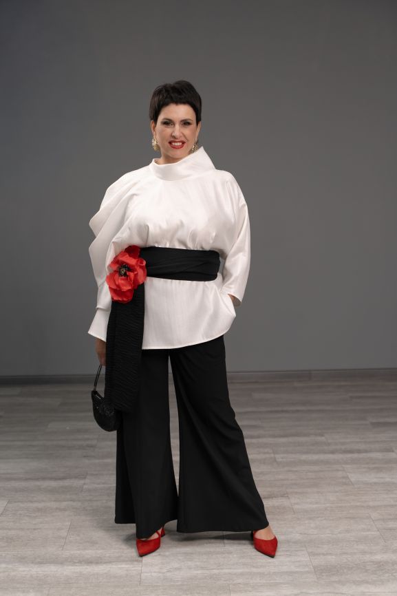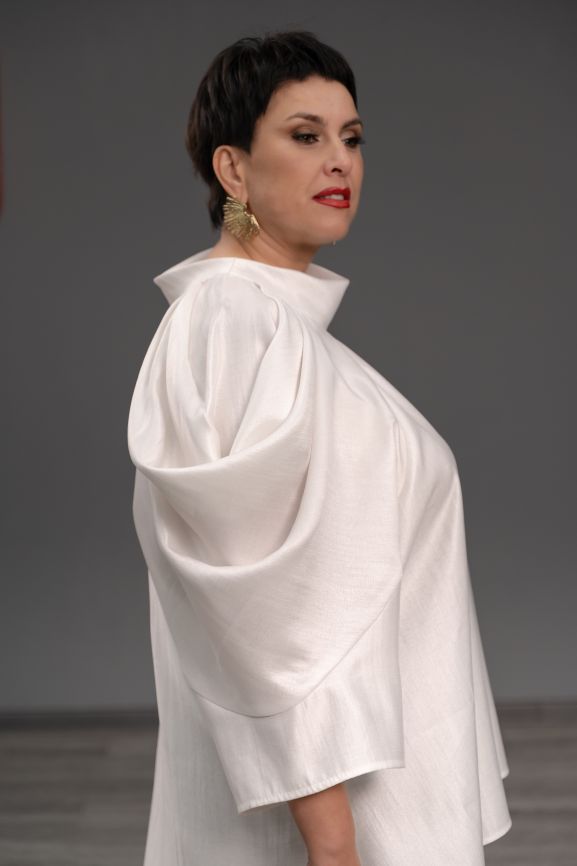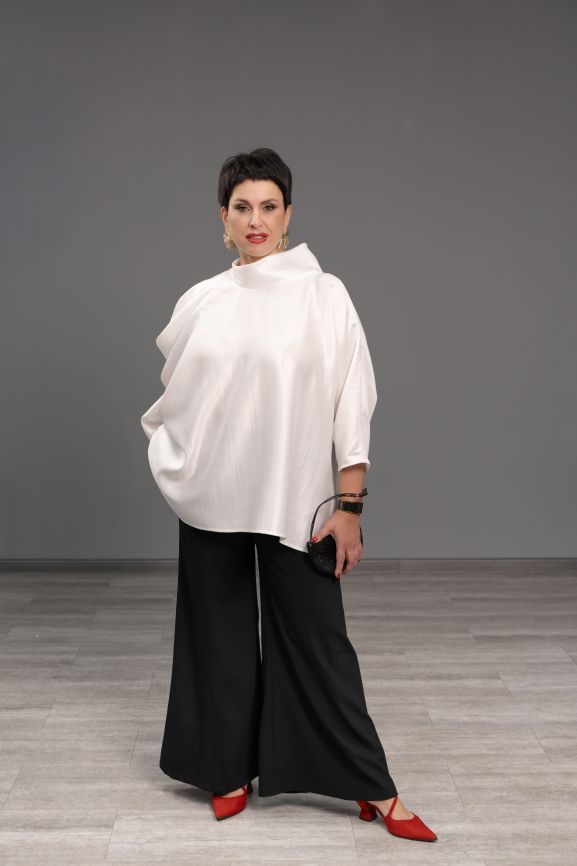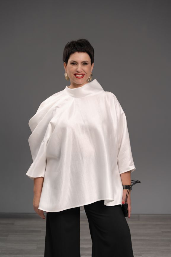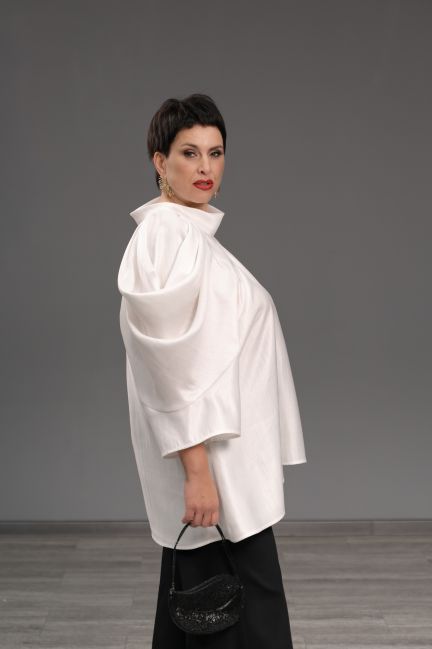 Блуза с объемной драпировкой белая
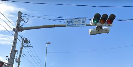 大きな道路に出たら、旭町一丁目の交差点を左折
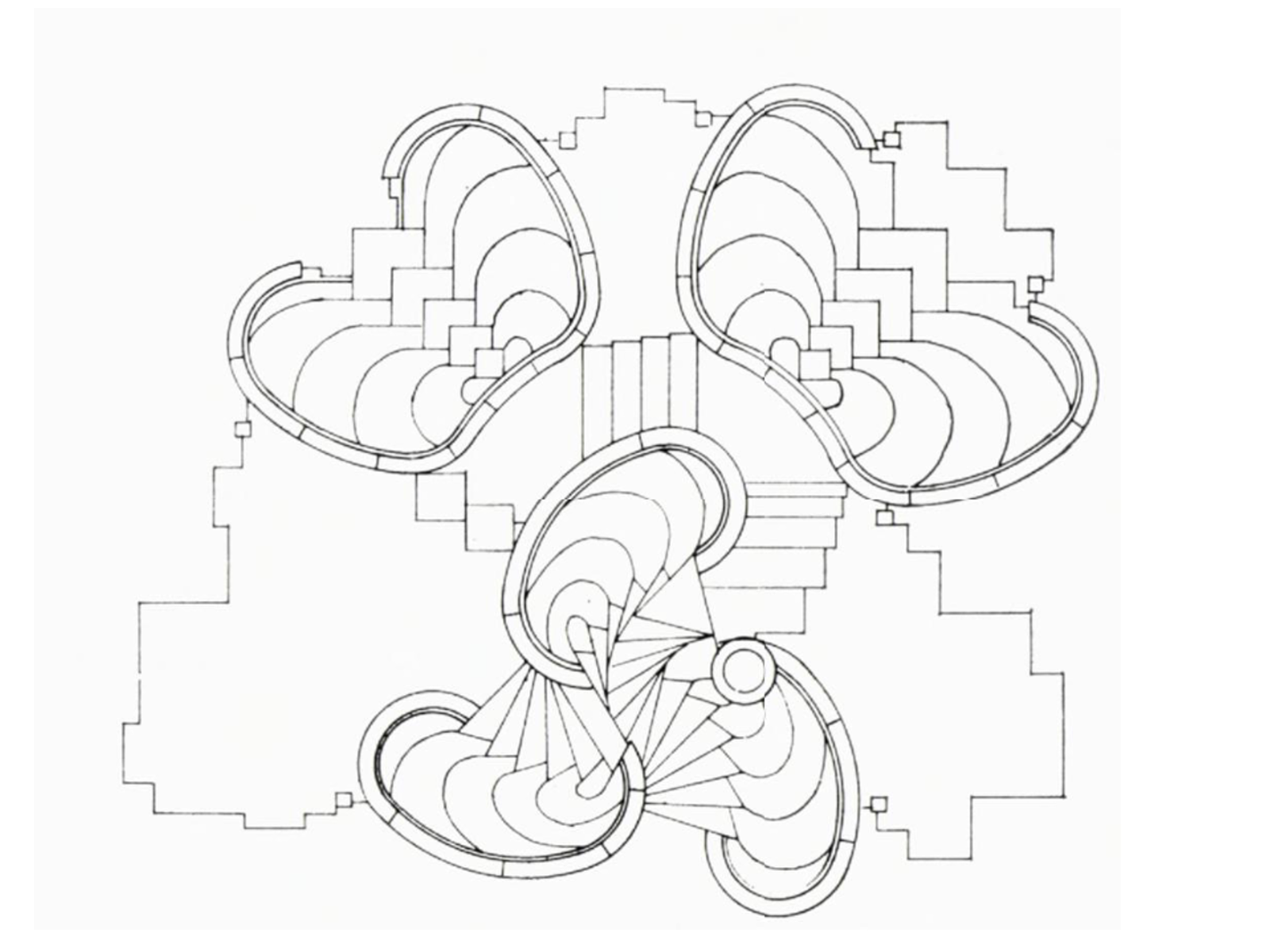 Det geometrisk-konstruktive systemet finner sin begrunnelse i de romtyper som kreves av funksjonene. I noen tilfeller er det tilstrekkelig at rommet er topologisk omsluttende uten at artikuleringen er nærmere presisert (kontorlandskap), i andre tilfeller er det klart retningsbestemt (nedkjøringsrampene etc.) eller preget av et bestemt fordelingsmønster (sekretærcellene etc.). A finne en geometrisk-teknisk fellesnevner for disse strukturene, som også muliggjør tilpasningen til omgivelsene, kan synes umulig. Portoghesi har imidlertid klart kunststykket. I stedet for å oppfatte den «åpne form» som en mekanisk cellerepetisjon, slik det idag gjerne skjer, muliggjør hans metode fortetninger, retningsforandringer og sogar innpasning av kurver. Den er derfor med rette blitt betegnet som en «geometria della libertà». Portoghesis prosjekt presenterer således et av de mest avanserte forsøk på å finne nytt arkitektonisk fotfeste.

# Prompt
The pictures stay out; copy the rest of the data word for word.

# Completed task
 Блуза с объемной драпировкой белая
 大きな道路に出たら、旭町一丁目の交差点を左折
 Det geometrisk-konstruktive systemet finner sin begrunnelse i de romtyper som kreves av funksjonene. I noen tilfeller er det tilstrekkelig at rommet er topologisk omsluttende uten at artikuleringen er nærmere presisert (kontorlandskap), i andre tilfeller er det klart retningsbestemt (nedkjøringsrampene etc.) eller preget av et bestemt fordelingsmønster (sekretærcellene etc.). A finne en geometrisk-teknisk fellesnevner for disse strukturene, som også muliggjør tilpasningen til omgivelsene, kan synes umulig. Portoghesi har imidlertid klart kunststykket. I stedet for å oppfatte den «åpne form» som en mekanisk cellerepetisjon, slik det idag gjerne skjer, muliggjør hans metode fortetninger, retningsforandringer og sogar innpasning av kurver. Den er derfor med rette blitt betegnet som en «geometria della libertà». Portoghesis prosjekt presenterer således et av de mest avanserte forsøk på å finne nytt arkitektonisk fotfeste.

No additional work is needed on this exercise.